But if Californians agree that those ambitions are worthwhile—excellence in education and research—they have a funny way of showing it.  Older generations in particular—the very people who attended UC for free or close to it—have consistently opposed creating a tax system that would allocate sufficient funding to UC for the institution to perform its mission for subsequent generations.  Having climbed up a ladder constructed by others to a position of success or at least security, those generations are now breaking off the rungs to prevent younger Californians making the same ascent.
If the state has done a poor job of making college affordable, that is to a large degree because voters have rejected one effort after another to raise the serious kind of revenue necessary to keeping UC truly public—that is, an institution supported by the collective for the good of the state’s youth.
Voters have not hesitated to discipline legislators and Governors who have argued for the need to reinvest in our public sphere, and voters have conditioned politicians in the state to steer clear of reforming the tax system or our political structure, moves which are seen as assaults on the surplus wealth of the upper-middle classes and the affluent—the people who, having benefited from a vibrant public sphere in their youths, are now content to trash and de-fund the same sphere.
UC could certainly manage its resources more wisely.  The past years have seen the unseemly bloating of an administrative class, the primary purpose of which often seems to shoot their institution in the foot by granting themselves outrageous bonuses and pay raises at the same time that they raise tuition for students and request more funds from the state. 
The basic immorality and strategic stupidity of the market approach adopted by UC’s administration should not obscure the fact that cutting administrative salaries would not make up for the systematic shortfall in public funding the system has experienced over the years. 
Voters support Jerry Brown’s arguments about the University of California because those are arguments that let them and the Governor—long a foe of public higher education, in stark contrast to his father—off the hook for their serial irresponsibility and their failure to maintain the system of higher education that is in their trust. 
But many of those voters might support Brown because it has been so long since they have been presented with any alternatives to the smaller, crueler state that they live in today.  It has been a long time since the state experienced a political movement in favour of creating a more communitarian California, one in which citizens realize that as a matter of moral fact as well as of practicality, they have a responsibility to one another and to future generations. 

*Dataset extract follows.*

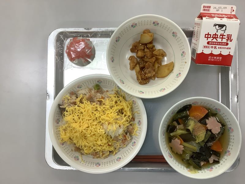 今日のメニューは、五目ちらし寿司、牛乳、鶏唐とじゃがいものからめ煮、桜かまぼこのすまし汁、いがまんじゅうです。(905kcal)
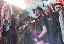 Rednex in 2020: Cash, Jiggie McClagganahan, Spades, Pickles, Moe Lester the Limp, Boneduster Crock and Pervis the Palergator, during the video recording of Nowhere in Idaho. | |

It has been a long time since the state’s leadership expressed confidence in the ability of the state government—the legislature, the executive, and the voters who exercise outsized power through the state’s initiative process—to play an active, respectful role in the lives of citizens, promoting the kinds of institutions and investments that have the potential to lead to equality and justice in California.  I see no such movements or leaders on the horizon, but students, staff, and faculty at California’s universities should be thinking about how to work with those other communities who suffer from the absence of equality and justice, and to forge such a movement, to reclaim the state’s public sphere. 

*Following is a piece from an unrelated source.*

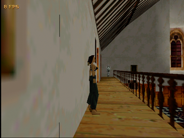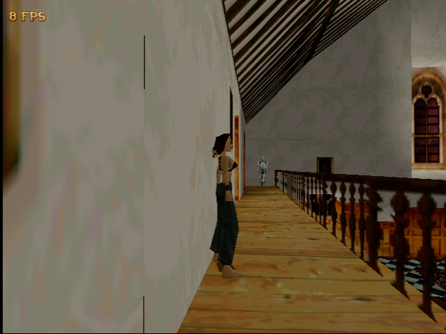 Le jeu dans sa version S3 me propose le 640 x 480, le 512 x 384 et le 320 x 200, avec dans tous les cas la possibilité d’activer (ou désactiver) le filtrage bilinéaire et la correction de la perspective (F3 et F4 dans le jeu). Un mot sur ça : c’est un des trucs que la PlayStation 1 ne fait pas, et c’est important dans les jeux. Sans cette correction, on se retrouve avec des textures qui sont alignées bizarrement dans certains cas. Ce n’est évidemment pas un problème en software, mais sur une carte 3D, c’est important. Pour le filtrage bilinéaire, on a le même problème que sur 3dfx, spécialement en basse définition : c’est flou. Sur la S3 Virge, ça ralentit aussi (un peu) le rendu.

Wednesday, February 11, 2015

California's Students Condemn Jerry Brown's Approach to Higher-Ed

It has taken nearly five years since Jerry Brown launched his bid for his third term as Governor in 2010, but California’s students have at last identified California’s prevaricating, irresponsible executive as one of the primary stumbling blocks to the recovery of higher education in the Golden State.  The Daily Cal reported that on Sunday, “the University of California Student Association unanimously voted to pass a resolution expressing no confidence in Gov. Jerry Brown”.

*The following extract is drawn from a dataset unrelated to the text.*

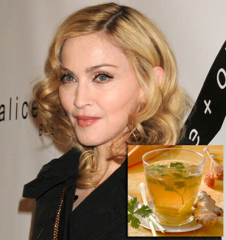 Королева поп-музыки Мадонна признается, что в свои 52 года находится в лучшей форме, чем 20 лет назад. Один из секретов ее бодрости и стройности ― имбирный чай. Этот напиток заряжает энергией и способствует выводу из организма токсинов. Он продается во всех специализированных чайных магазинах, и его можно найти даже в одноразовых пакетиках, которые удобно носить с собой. Говорят, у Мадонны всегда есть несколько в сумке.

According to the Daily Cal, the resolution “notes that over the last 24 years, state funding per student of the university has declined, despite inflation.  It also observes that Brown line-item vetoed $100 million toward improving infrastructure of California state schools and the UC system and that Brown supports expediting some degree programs and increasing online education”.

In addition to condemning Brown’s efforts to instrumentalise and cheapen California’s higher education system, the students might have noted Brown’s serial refusal to use the powers at his disposal to address the political and structural conditions that are driving UC towards privatization and inaccessibility. 

Like his Tea Party colleagues in Sacramento, with whom he coasted to victory in 2010, Jerry Brown regards budgeting as an ends rather than a means.  A balanced budget with minimal political risk is more important to the Governor than using that budget to improve the lives of the Californians he ostensibly serves.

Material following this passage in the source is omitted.